To avoid being a target for website accessibility settlement demands and lawsuits, companies should analyze and take proactive measures to update their websites. In the current environment, companies should strongly consider the investment of reviewing the WCAG 2.0 AA guidelines to understand the types of issues the guidelines address, engaging third-party vendors, when necessary, to perform assessments of their sites and determine the levels of compliance with WCAG 2.0 AA, drafting and adopting Web accessibility policies, and training their employees on website accessibility requirements. While not a complete bar to lawsuits and settlement demands, if implemented correctly, these measures significantly fortify one’s defenses, position a company to expeditiously resolve claims, and deter a possible DOJ inquiry.
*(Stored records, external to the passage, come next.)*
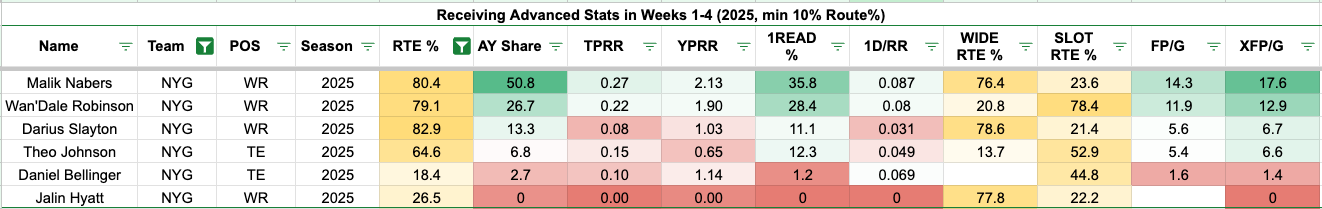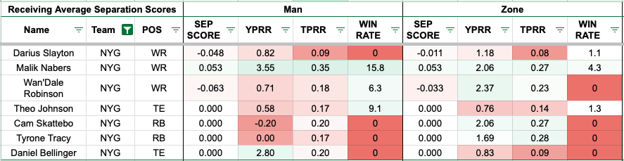 Robinson garners the second-highest target rate (27 percent) and the third-most yards per route run (1.57) among the Giants receivers against Cover 3. He trailed Nabers in target rate (32 percent), but Slayton leads the team in yards per route run (2.90) compared to Nabers (2.32) against Cover 3 in 2025.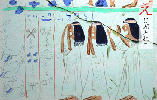 【エジプト猫】 古代エジプトの女性たちは猫をラー以上に崇め、ファラオ以上に愛した。 そのあまりに高きに達した慈しみにより、彼女たちはすべての猫をピラミッドの三角魔法によって草食動物に作り替えてしまったのである。 しかし、ネズミやトカゲを追う楽しみを奪われた猫たちは悲嘆に暮れ、やがて一匹残らずナイル川の向こう岸へと立ち去ることとなる。取り残されたエジプト文明は、大増殖したネズミの大軍によって衰退の一途をたどった。歴史的悲劇の一部始終を、ラムセス王の岩窟神殿内の壁画が余すところなく記している。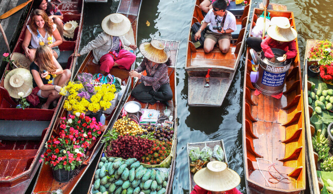 水上貿易不僅撐起了一個個家庭與生活、也帶動了地方的繁榮,是最接近泰人水上傳統生活型態的回顧,沿岸不妨一路吃喝採買。
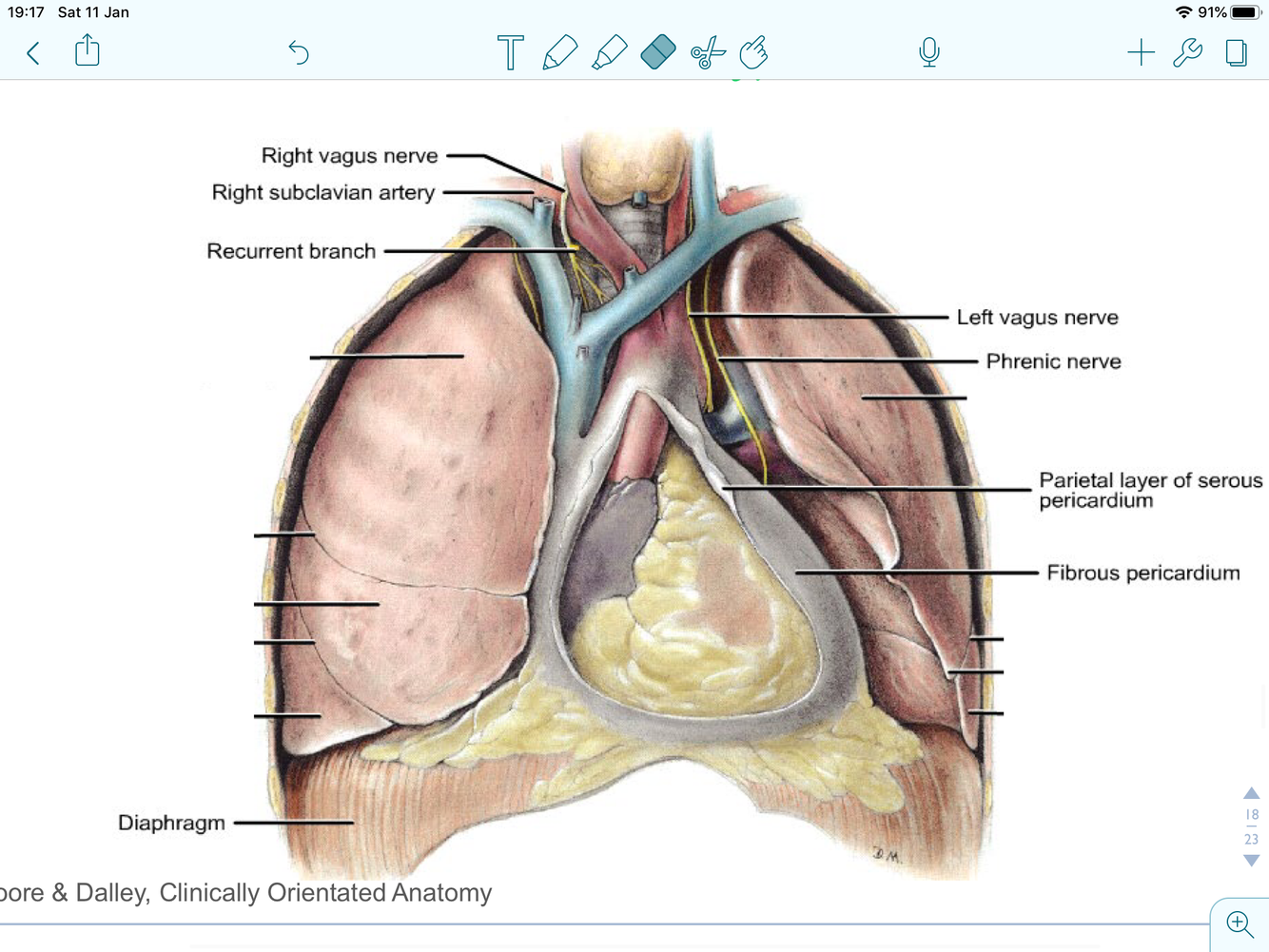 what are the nerves that can be seen in the DR in heart dsisection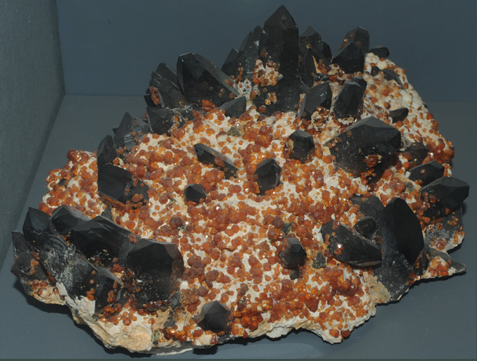 This sample is described as spessartine with helvite, quartz, and microcline. It is about 20 cm long and is from Tongbei, Fujian Province, China. The black crystals are taken to be microcline, the orange spessartine, and the tan helvite. The black crystals show the crystal form of microcline, but the black color is unusual. It is confusing, since there is a black sample of spessartine on display as well, and a white sample of microcline with aquamarine.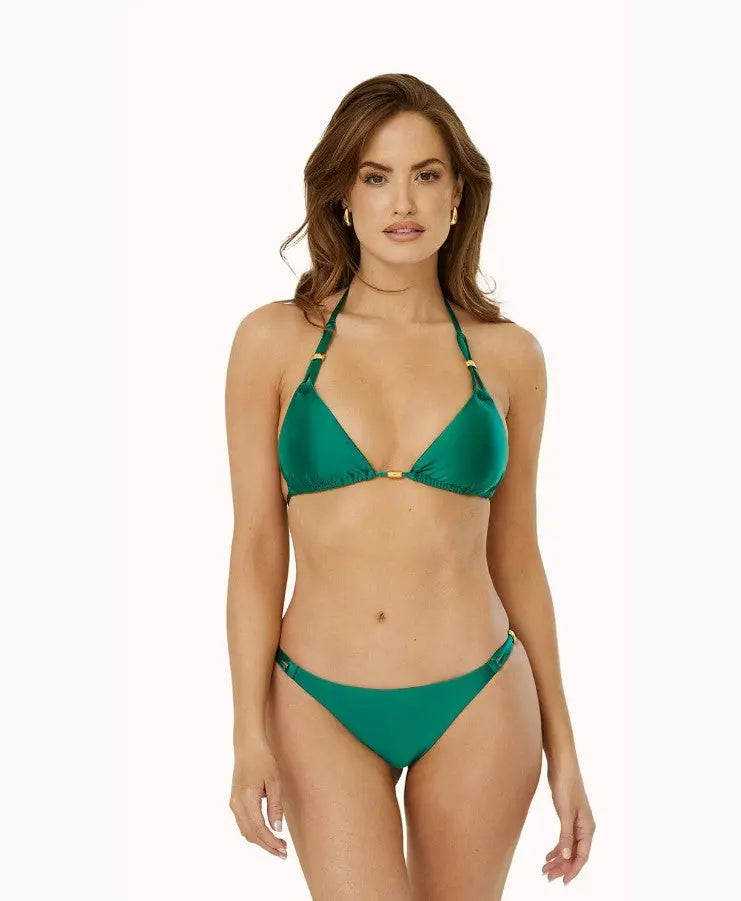 Make a statement with our Loop Bikini Bottom in stunning Evergreen, featuring eye-catching side loop details with 24k gold-plated accents for a touch of luxury. Its low-rise waistline and soft, stretchy fabric offer a flattering and comfortable fit.

Often, an assessment by an independent compliance expert will differ significantly with a plaintiff’s expert report, and this affords a significant advantage if accessibility is challenged. But if an assessment is commissioned, it should be acted upon. A failure to act promptly on an independent compliance assessment can severely impair the defense of a claim. Consulting with counsel experienced in this area to discuss a compliance and response strategy is also advisable.
As a final note, while there are many ways to respond to website accessibility demands, not responding at all could further complicate a defense. Among other unreasonable compliance and damages-related demands, demand letters usually contain overbroad document preservation directives (so-called “litigation hold” notices) that, if left unaddressed, might invite spoliation claims and increased defense costs if a lawsuit is filed. Moreover, careful consideration should be given to the response, the manner in which it is made, and whether it emanates from legal counsel, to ensure that the communications are considered inadmissible settlement discussions, and internal remedial discussions are protected from disclosure in a future lawsuit. In short, careful analysis and proactive measures can reduce the risk of website accessibility exposure and are worth the effort and expense.